*** Data under study ***

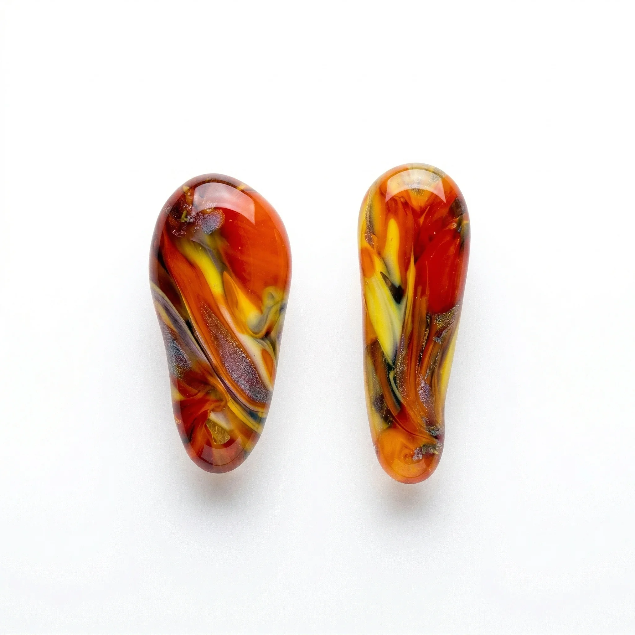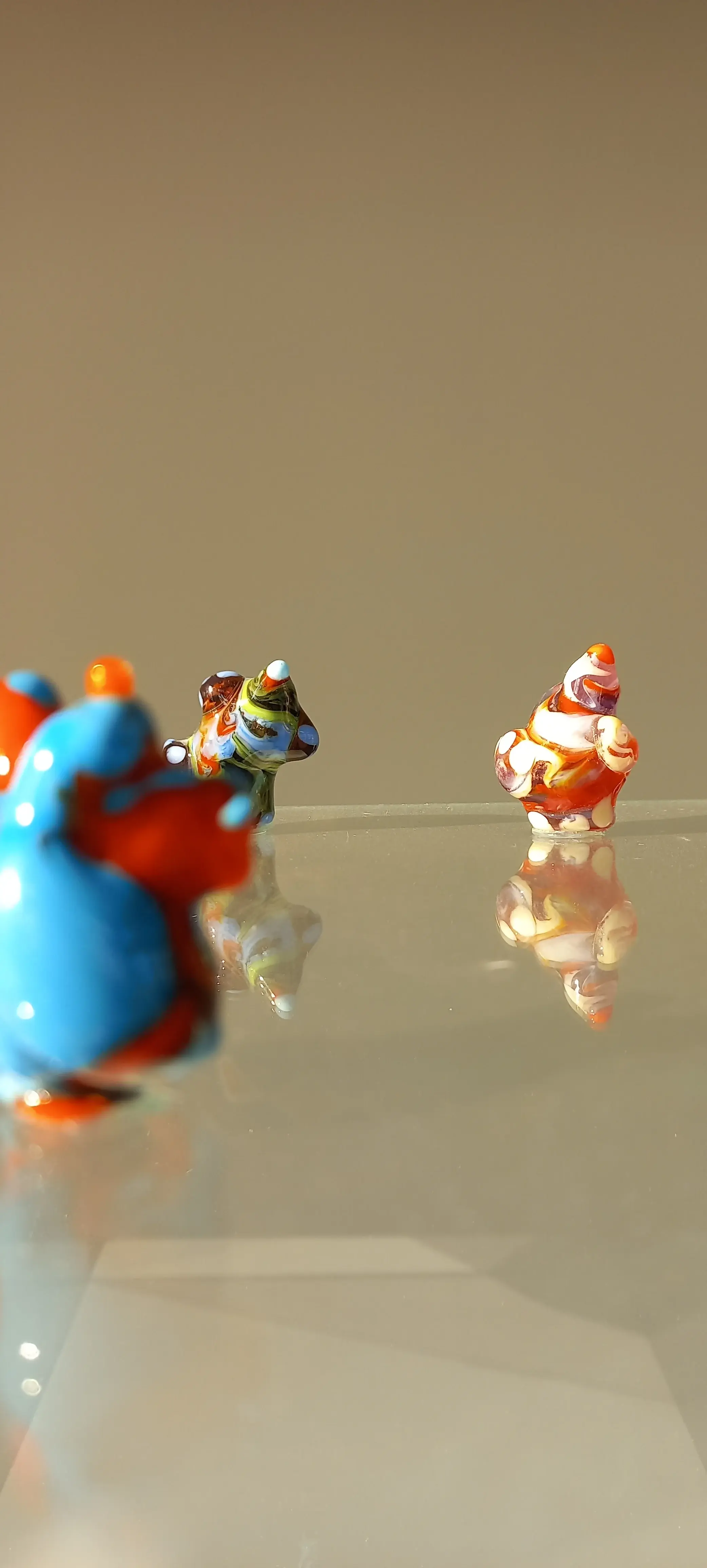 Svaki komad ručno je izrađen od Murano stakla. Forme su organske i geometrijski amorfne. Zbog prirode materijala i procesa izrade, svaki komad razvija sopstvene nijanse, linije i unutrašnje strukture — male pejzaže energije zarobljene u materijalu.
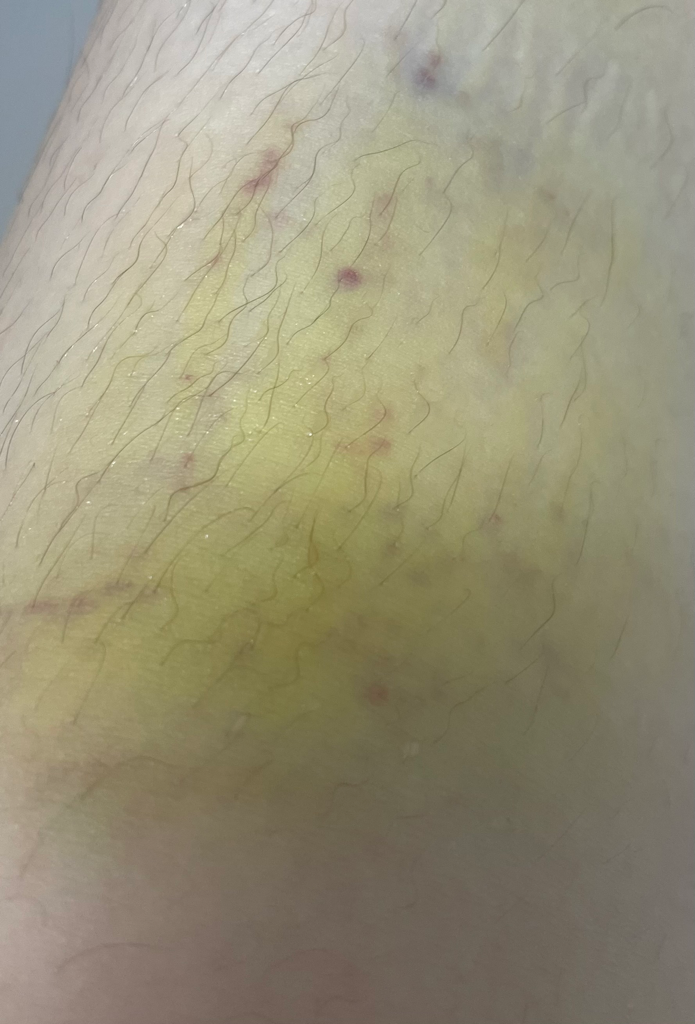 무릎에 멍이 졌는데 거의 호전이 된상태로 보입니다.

*** End of Data under study ***
*** Data under study ***

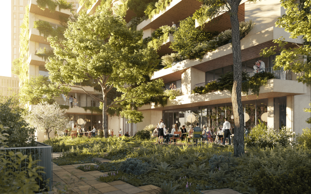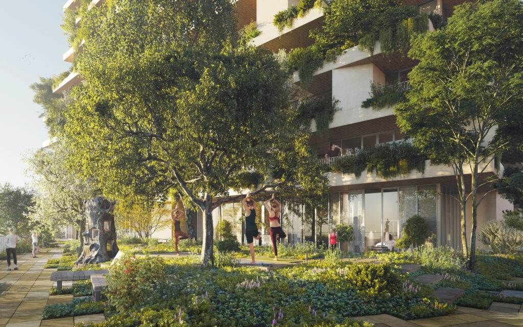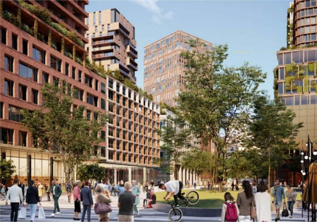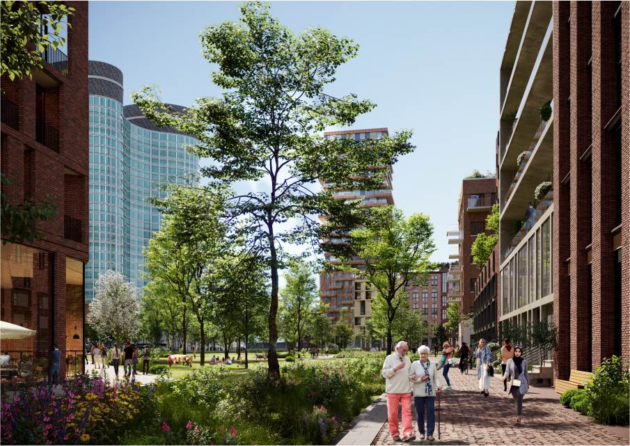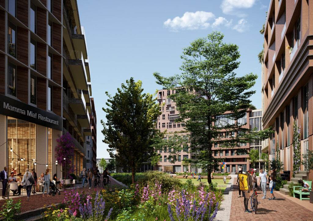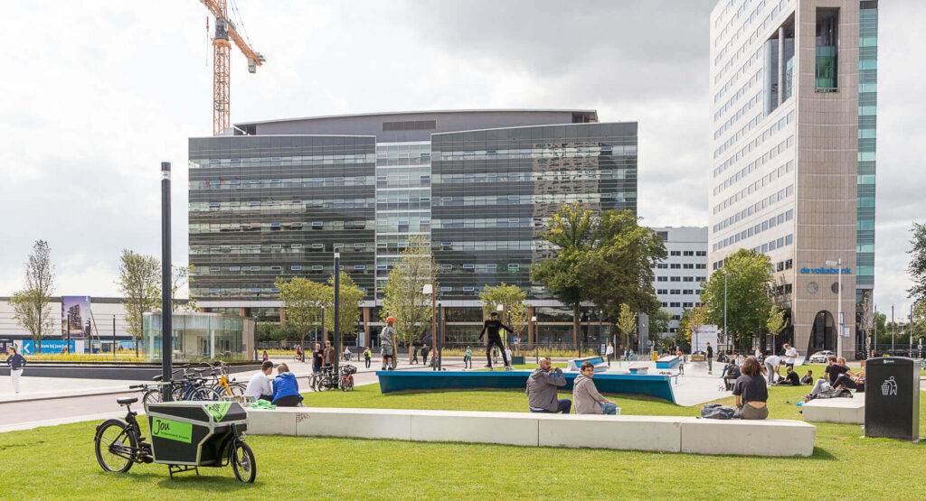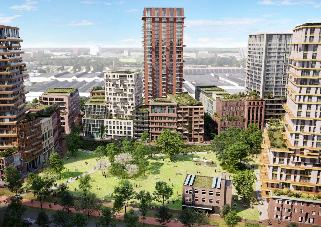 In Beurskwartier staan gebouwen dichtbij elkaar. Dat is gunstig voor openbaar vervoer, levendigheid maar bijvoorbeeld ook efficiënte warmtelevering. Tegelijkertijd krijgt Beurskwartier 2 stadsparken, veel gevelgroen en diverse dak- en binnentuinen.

*** End of Data under study ***

Give again the stretch of the entries above that begins at the line with "Svaki komad ručno" and ends at the line with "무릎에 멍이 졌는데 거의 호전이 된상태로 보입니다.", word for word, with no pictures.

### Solution
 Svaki komad ručno je izrađen od Murano stakla. Forme su organske i geometrijski amorfne. Zbog prirode materijala i procesa izrade, svaki komad razvija sopstvene nijanse, linije i unutrašnje strukture — male pejzaže energije zarobljene u materijalu.
 무릎에 멍이 졌는데 거의 호전이 된상태로 보입니다.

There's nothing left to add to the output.